Sentenza di Cassazione Penale Sez. 2 Num. 41103 Anno 2024
Penale Sent. Sez. 2 Num. 41103 Anno 2024
Presidente: COGNOME NOME
Relatore: COGNOME NOME
Data Udienza: 13/09/2024
SENTENZA
sul ricorso proposto da:
COGNOME NOME, nato a Cefalù il DATA_NASCITA
avverso la sentenza del 01/12/2023 della Corte d’appello di Palermo (Quarta sezione penale)
visti gli atti, il provvedimento impugnato e il ricorso;
udita la relazione svolta dal Consigliere NOME COGNOME;
udito il Pubblico Ministero, in persona del AVV_NOTAIO Generale NOME AVV_NOTAIO, il quale ha concluso chiedendo che la sentenza impugnata venga annullata con rinvio;
udito l’AVV_NOTAIO, in difesa di COGNOME NOME, il quale ha chiesto l’annullamento della sentenza impugnata.
RITENUTO IN FATTO
Con sentenza del 01/12/2023, la Corte d’appello di Palermo confermava la sentenza del 31/05/2022 del G.u.p. del Tribunale di Termisi Imerese, emessa in esito a giudizio abbreviato, di condanna di NOME COGNOME alla pena di un anno di reclusione ed € 600,00 di multa (pena sospesa) per il reato di appropriazione indebita di documentazione di proprietà di NOME COGNOME, della quale il COGNOME aveva il possesso per avere svolto, dal 06/03/2015 al 15/05/2019, l’attività di procuratore generale del COGNOME, soggetto non vedente.
Avverso l’indicata sentenza del 01/12/2023 della Corte d’appello di Palermo, ha proposto ricorso per cassazione, per il tramite dei propri difensori AVV_NOTAIO e AVV_NOTAIO, NOME COGNOME, affidato a quattro motivi.
2.1. Con il primo motivo, il ricorrente deduce «iolazione dell’art. 606 comma 1 lett. b) in relazione all’art. 646 c.p. (elemento oggettivo) ed e) per contraddittorietà della motivazione».
Con tale motivo il COGNOME prospetta due profili di censura.
2.1.1. Sotto un primo profilo, egli lamenta che la Corte d’appello di Palermo non avrebbe «posto alcuna motivazione in relazione alla sussistenza del c.d. ingiusto profitto tipico del delitto in esame» e che, col ritenere che il profitto da avuto di mira «sarebbe coinciso nella richiesta di denaro avanzata dal COGNOME al fine di restituire la documentazione posseduta», «cioè che il profitto sarebbe consistito nella richiesta di denaro» (così il ricorso), avrebbe fatto uso di una mera congettura e avrebbe distorto il dato probatorio costituito dalle dichiarazioni sia della persona offesa (contenute nella querela) sia della nuova procuratrice della stessa sig.ra NOME COGNOME (rese a sommarie informazioni), atteso che entrambi avevano «precisato che il titolo di credito in base al quale il COGNOME avesse richiesto del denaro, fosse da qualificare come compenso per la funzione svolta» di procuratore generale del COGNOME.

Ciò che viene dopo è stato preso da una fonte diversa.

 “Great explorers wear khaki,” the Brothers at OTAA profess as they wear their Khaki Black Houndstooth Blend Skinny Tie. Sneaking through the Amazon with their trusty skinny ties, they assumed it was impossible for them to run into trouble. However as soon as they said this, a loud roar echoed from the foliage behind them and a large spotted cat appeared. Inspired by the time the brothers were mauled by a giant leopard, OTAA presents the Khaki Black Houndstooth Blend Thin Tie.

2.1.2. Sotto un secondo profilo, il COGNOME lamenta che la Corte d’appello di Palermo avrebbe omesso di motivare in ordine alla censura secondo cui la mera fotocopiatura di documenti e il conseguente possesso delle fotocopie di essi non potrebbe integrare il delitto di appropriazione indebita, «difettando l’elemento materiale del reato costituito dalla definitiva sottrazione del bene», «il quale rest nella disponibilità materiale e giuridica del titolare».
2.2. Con il secondo motivo, il ricorrente deduce «iolazione dell’art. 606 comma 1 lett. b) in relazione all’art. 646 c.p. (elemento soggettivo del dolo specifico) ed e) per mancanza di motivazione».

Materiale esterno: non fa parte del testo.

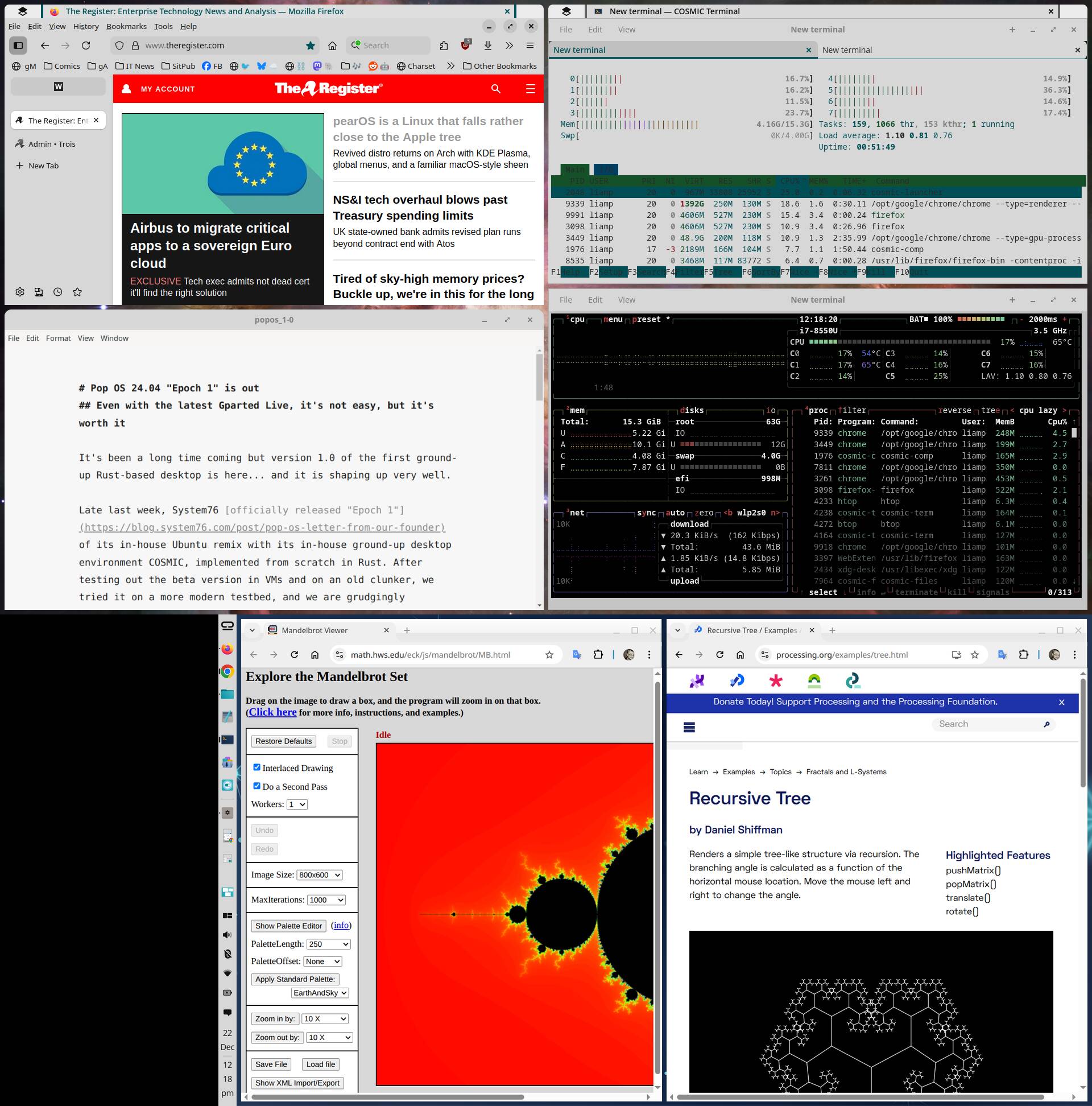 Разработка десктопной среды COSMIC заняла немало времени, ведь создание совершенно новой среды — задача нетривиальная. Издание The Register впервые сообщило об этом проекте чуть более четырех лет назад. Мы рассматривали альфа-версию в сентябре, а затем и бета-версию. Теперь, как и было обещано на Ubuntu Summit в прошлом месяце, вышла версия 1.0 десктопной среды COSMIC, а также её родной дистрибутив Pop!_OS 24.04 на базе Ubuntu Noble.

Il ricorrente lamenta che, con l’affermare che sarebbe «evidente che il COGNOME ha agito per un fine di profitto, trattenendo la documentazione del COGNOME sino ad impossessarsene uti dominus, per ricevere l’asserito compenso spettantegli per l’attività di mandatario svolta» (pag. 4 della sentenza impugnata), la Corte d’appello di Palermo si sarebbe posta in «palese contrasto» con il dato probatorio costituito dalle già menzionate dichiarazioni della persona offesa e della sig.ra NOME COGNOME, dal quale «non si evince alcuna correlazione tra la richiesta di somme a titolo di compenso per l’attività svolta dall’imputato e la restituzione dei documenti che costituivano copie e non originali e ritenuti dall’imputato poco rilevanti». La Corte d’appello di Palermo si sarebbe in proposito limitata a
richiamare quanto era stato sostenuto dal Tribunale di Termini Imerese, senza compiere alcuna analisi del suddetto dato probatorio.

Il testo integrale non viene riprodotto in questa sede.